■ Source data
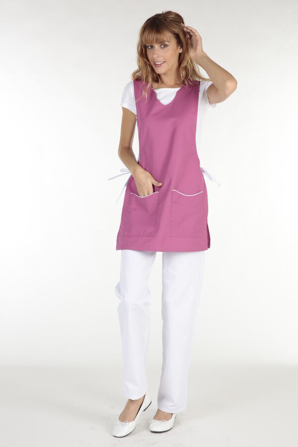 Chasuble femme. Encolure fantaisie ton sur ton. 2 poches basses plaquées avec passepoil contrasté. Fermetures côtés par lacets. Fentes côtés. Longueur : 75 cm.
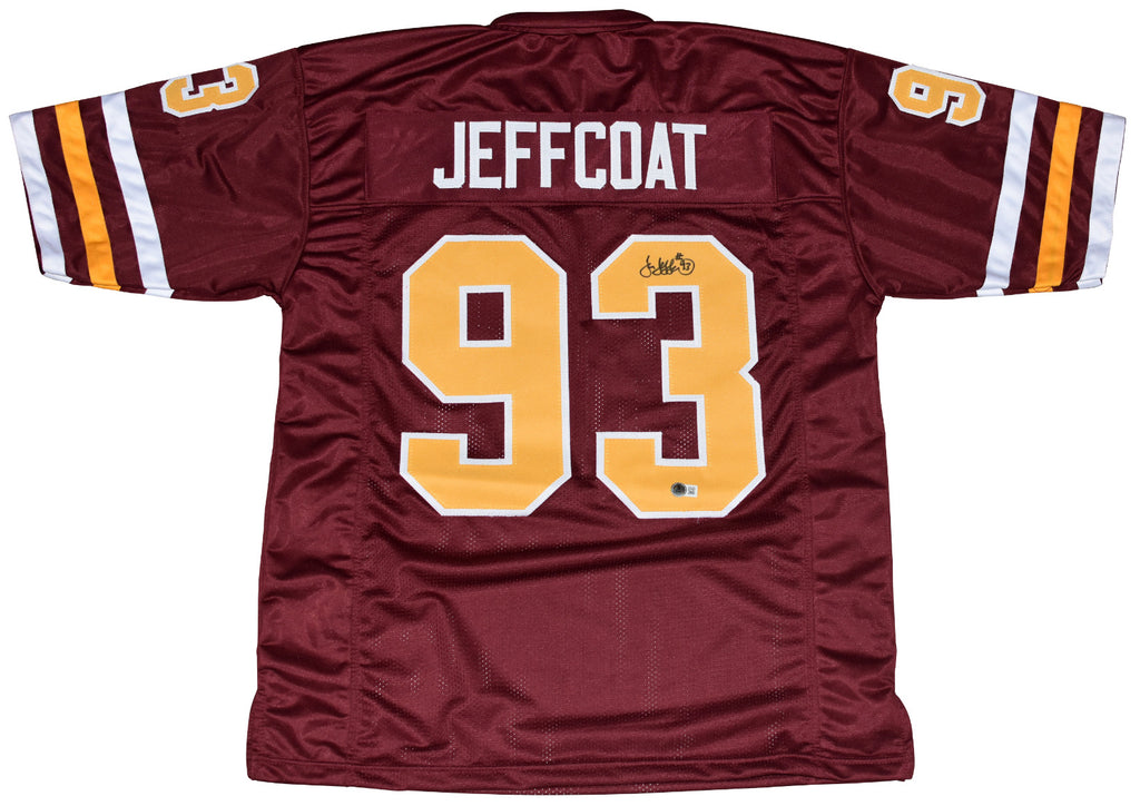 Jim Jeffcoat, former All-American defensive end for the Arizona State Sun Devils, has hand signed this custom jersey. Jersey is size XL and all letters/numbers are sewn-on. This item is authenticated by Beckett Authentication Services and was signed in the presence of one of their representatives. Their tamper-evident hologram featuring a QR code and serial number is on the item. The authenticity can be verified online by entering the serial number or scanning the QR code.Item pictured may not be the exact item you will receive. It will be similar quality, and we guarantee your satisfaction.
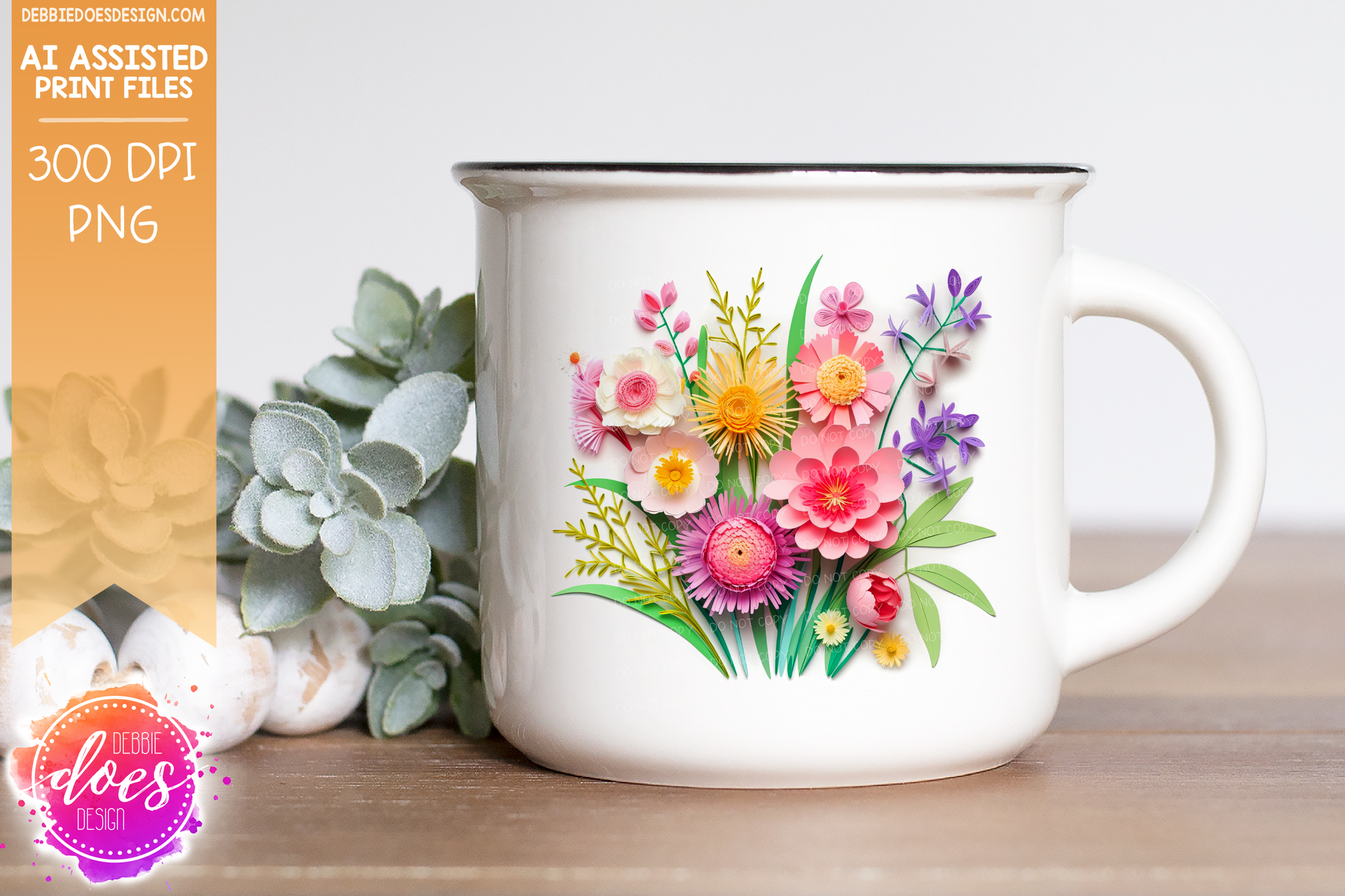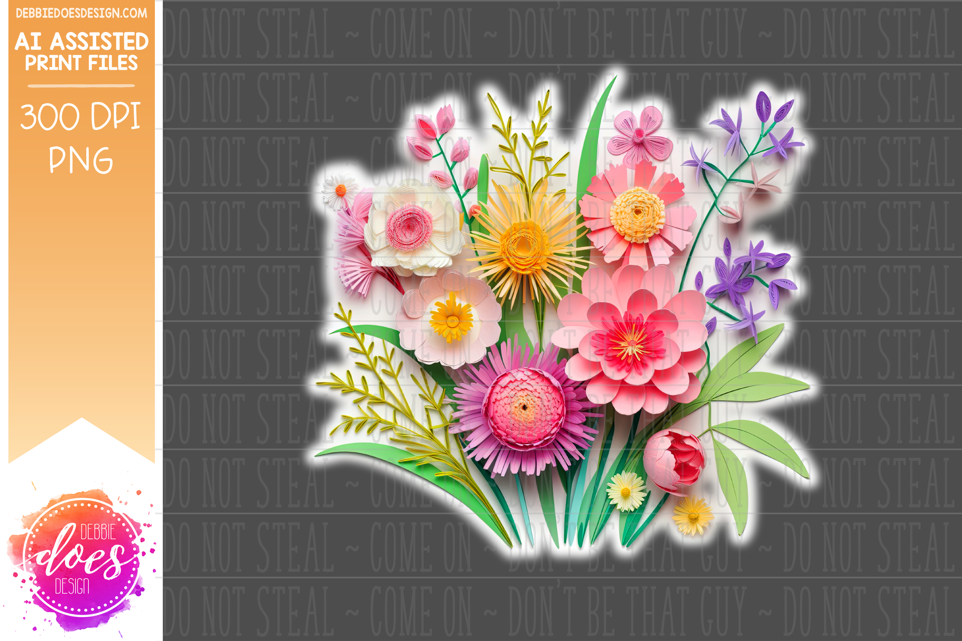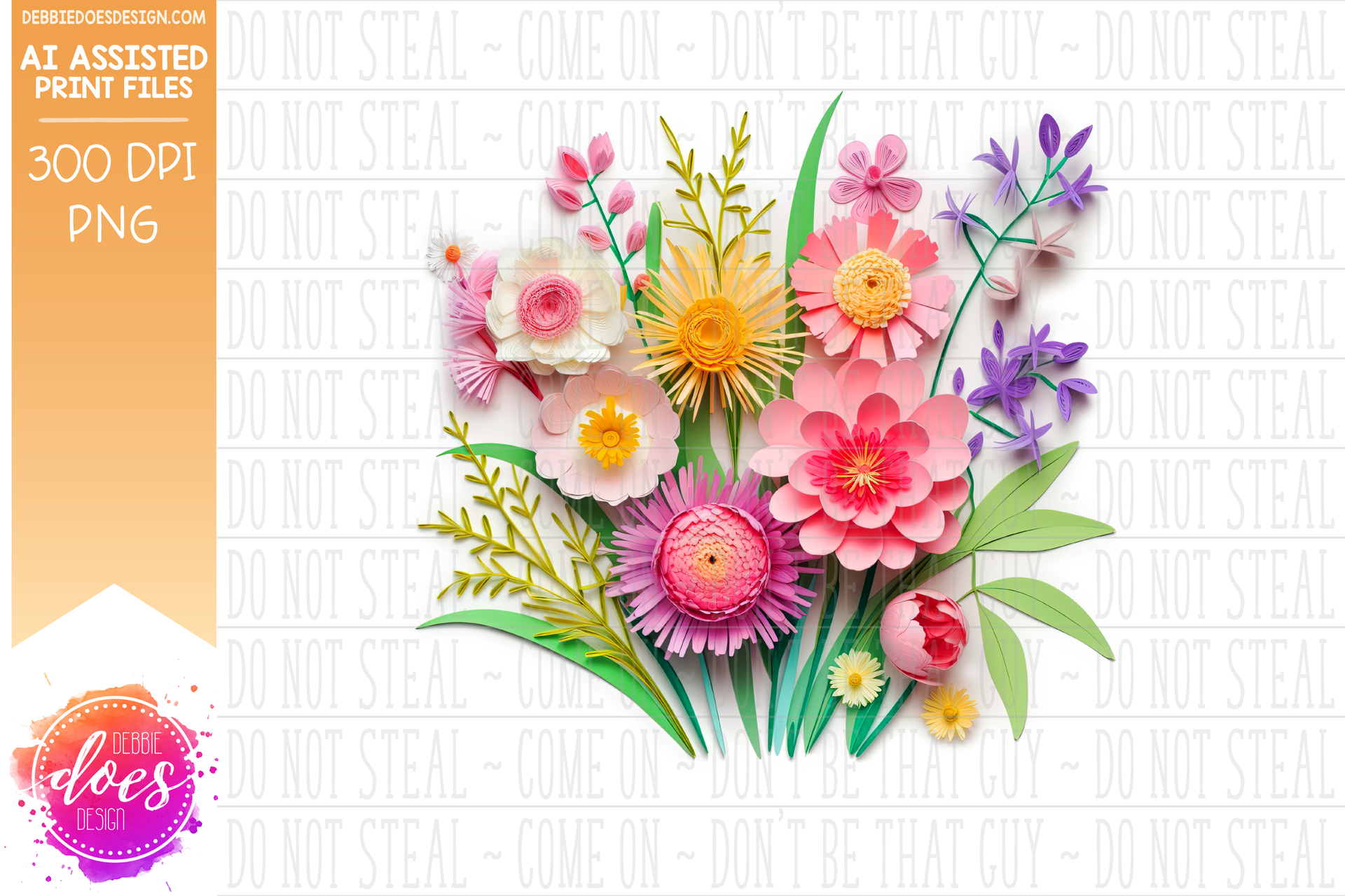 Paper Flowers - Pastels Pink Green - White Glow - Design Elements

--

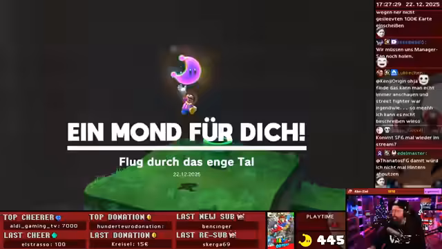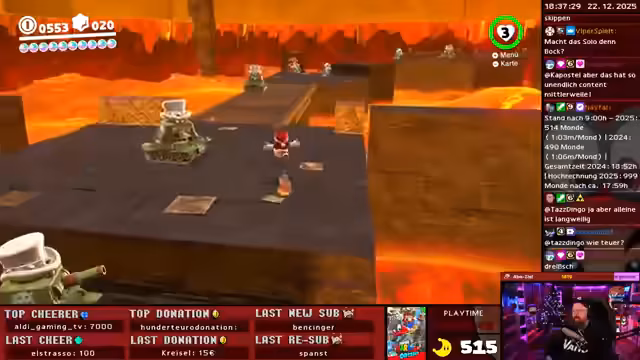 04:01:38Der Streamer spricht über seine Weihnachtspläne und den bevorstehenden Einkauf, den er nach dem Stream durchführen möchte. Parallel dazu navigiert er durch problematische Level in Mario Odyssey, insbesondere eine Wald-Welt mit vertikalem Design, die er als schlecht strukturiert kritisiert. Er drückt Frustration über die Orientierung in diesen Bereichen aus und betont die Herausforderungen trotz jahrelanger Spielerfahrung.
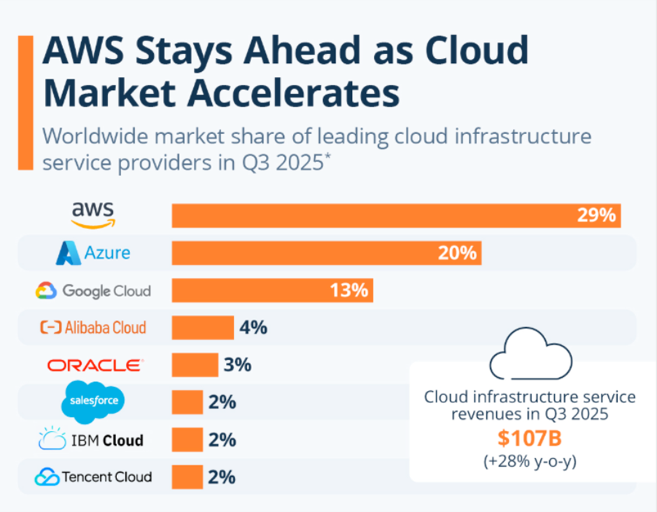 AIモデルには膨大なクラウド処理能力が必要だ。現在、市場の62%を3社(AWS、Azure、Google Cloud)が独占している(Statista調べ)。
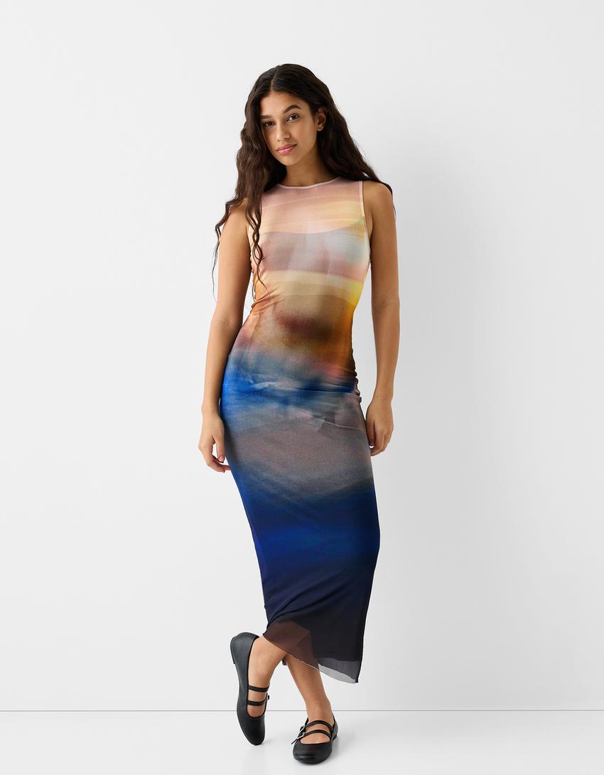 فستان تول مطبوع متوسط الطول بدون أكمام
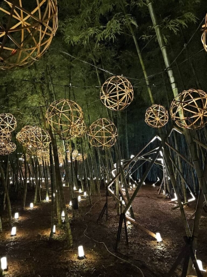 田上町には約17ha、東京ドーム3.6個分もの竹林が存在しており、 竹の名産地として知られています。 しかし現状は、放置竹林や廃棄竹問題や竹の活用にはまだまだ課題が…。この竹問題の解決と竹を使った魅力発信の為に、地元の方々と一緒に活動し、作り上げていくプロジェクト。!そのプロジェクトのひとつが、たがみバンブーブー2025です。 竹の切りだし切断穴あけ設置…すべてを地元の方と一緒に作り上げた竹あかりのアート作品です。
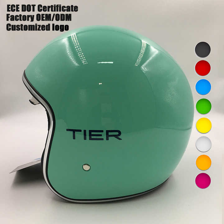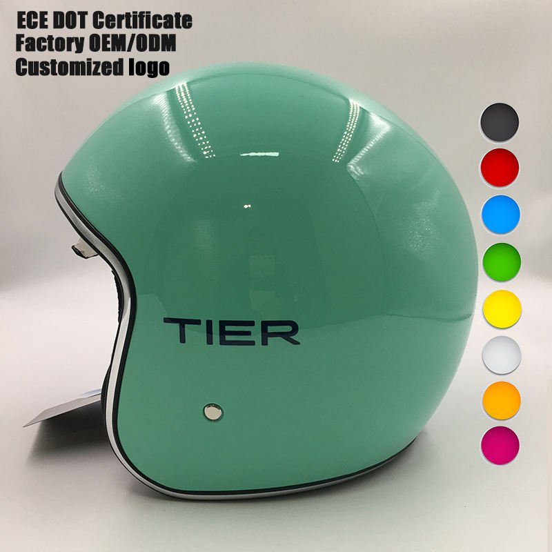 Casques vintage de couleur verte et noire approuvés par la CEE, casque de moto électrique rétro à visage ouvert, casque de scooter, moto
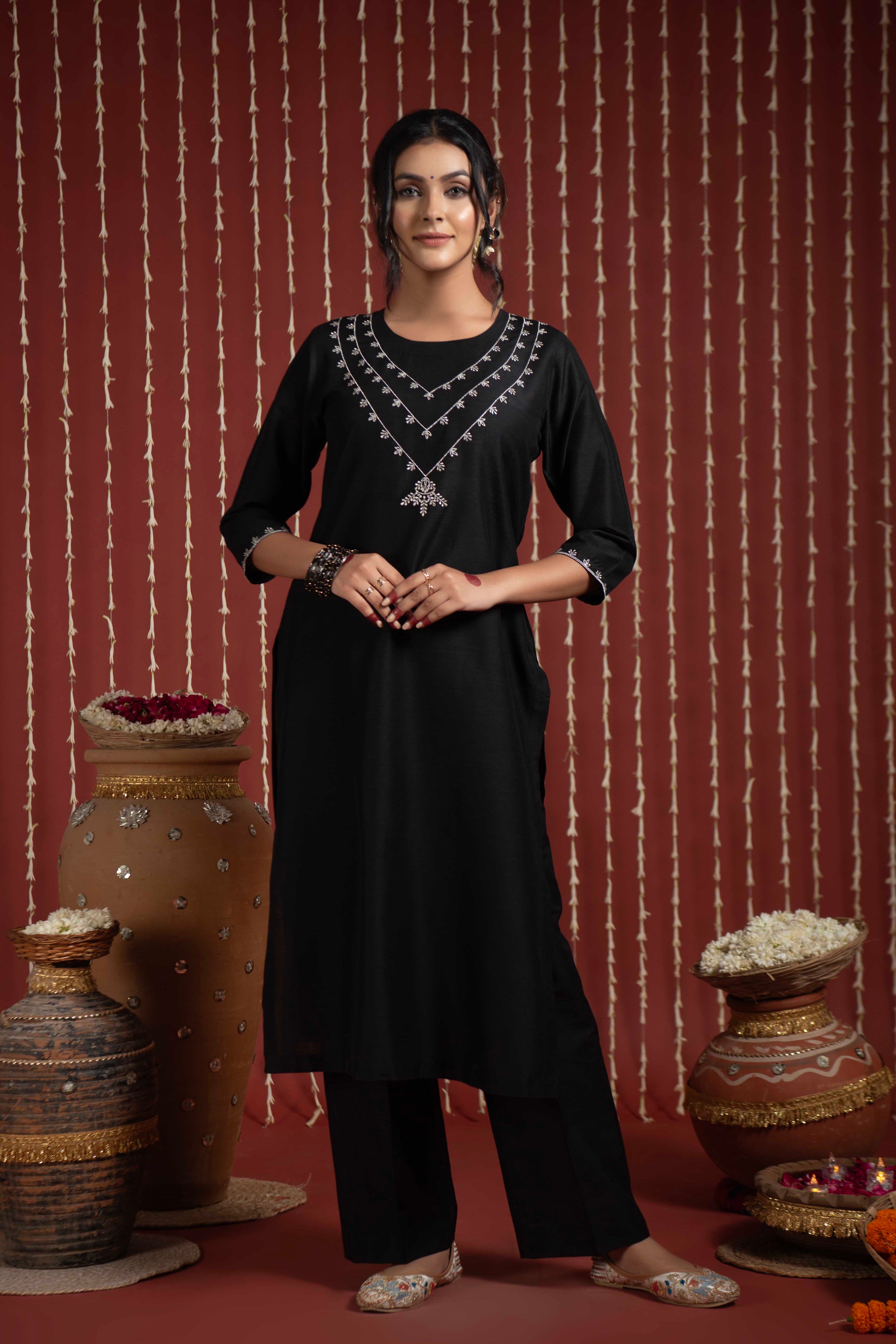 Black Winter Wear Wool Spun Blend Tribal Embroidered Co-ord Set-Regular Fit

---

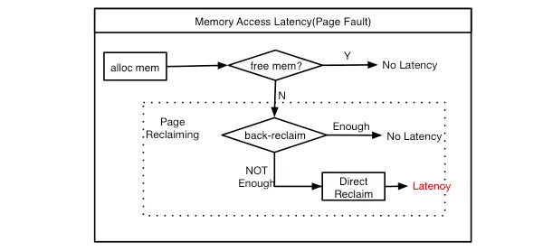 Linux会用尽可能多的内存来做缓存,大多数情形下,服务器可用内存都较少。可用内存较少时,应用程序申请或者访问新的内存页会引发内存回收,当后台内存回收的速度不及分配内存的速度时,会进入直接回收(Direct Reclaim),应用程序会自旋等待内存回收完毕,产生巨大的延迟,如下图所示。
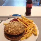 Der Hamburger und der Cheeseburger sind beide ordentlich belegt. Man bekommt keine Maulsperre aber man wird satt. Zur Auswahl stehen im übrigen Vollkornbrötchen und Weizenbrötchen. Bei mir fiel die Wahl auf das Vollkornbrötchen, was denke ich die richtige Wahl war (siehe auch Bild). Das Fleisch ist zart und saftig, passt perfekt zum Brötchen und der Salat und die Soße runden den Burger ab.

■ Try it
Given the records above, return the lines starting at the one that holds "AIモデルには膨大なクラウド" and ending at the one that holds "Black Winter Wear", exactly, and nothing besides; leave every picture out.

■ Task answer
 AIモデルには膨大なクラウド処理能力が必要だ。現在、市場の62%を3社(AWS、Azure、Google Cloud)が独占している(Statista調べ)。
 فستان تول مطبوع متوسط الطول بدون أكمام
 田上町には約17ha、東京ドーム3.6個分もの竹林が存在しており、 竹の名産地として知られています。 しかし現状は、放置竹林や廃棄竹問題や竹の活用にはまだまだ課題が…。この竹問題の解決と竹を使った魅力発信の為に、地元の方々と一緒に活動し、作り上げていくプロジェクト。!そのプロジェクトのひとつが、たがみバンブーブー2025です。 竹の切りだし切断穴あけ設置…すべてを地元の方と一緒に作り上げた竹あかりのアート作品です。
 Casques vintage de couleur verte et noire approuvés par la CEE, casque de moto électrique rétro à visage ouvert, casque de scooter, moto
 Black Winter Wear Wool Spun Blend Tribal Embroidered Co-ord Set-Regular Fit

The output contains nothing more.